The old way involved a lot more sequence duplication. Now just turn the
bytes object into a mutable bytearray, iterate through the mask and
change what we need, then change it back.
A few clumsy if statements got rewritten with truth tables to verify
that the somewhat simplified conditions still evaluated the same. Other
changes are mostly cosmetic.
Originally cppo was written as a shell script and was never intended to
be a library of functions to be used by anyone else. Single-file Python
modules are often written to be run as standalone programs either to do
what they do from the command line or for testing purposes.
Theoretically you do this if your code provides useful stuff for other
programs to use, and it's hard to argue that cppo does that yet, but it
is intended to do so in the future. Let's start working toward that.

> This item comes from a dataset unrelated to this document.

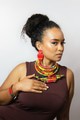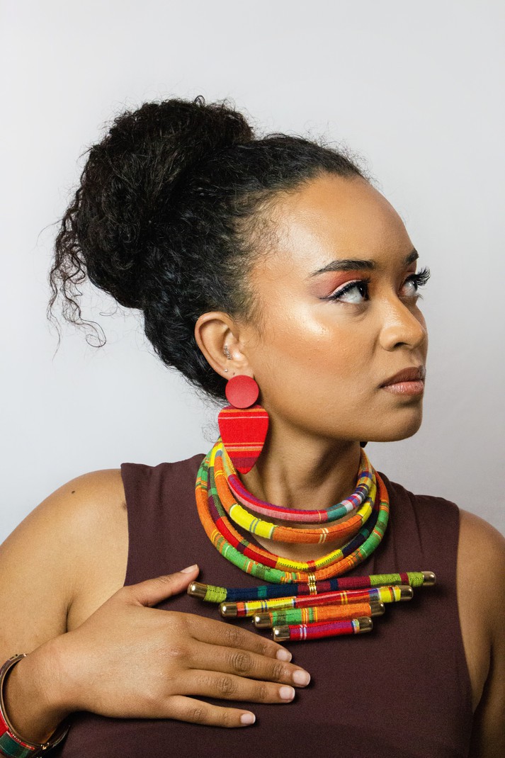 La parure Karayib célèbre la richesse du tissu madras, emblème des cultures caribéennes et africaines. Colorée, vibrante et pleine de caractère, elle habille la Queen qui veut affirmer ses racines avec modernité.

A few of my local copies of cppo have some/most of the code reformatted
in a more "pythonic" coding style. I still use hard tabs for
indentation because even us diehard console-using developers have
editors that can have whatever tabstop we want on a per-file basis, and
we have editorconfig. It's 2017, get with the times, even for a program
made for accessing files for a 1977 computer! ;) No functional changes
here, save for an if statement processing extensions replaces multiple
conditionals with an if x in tuple construct.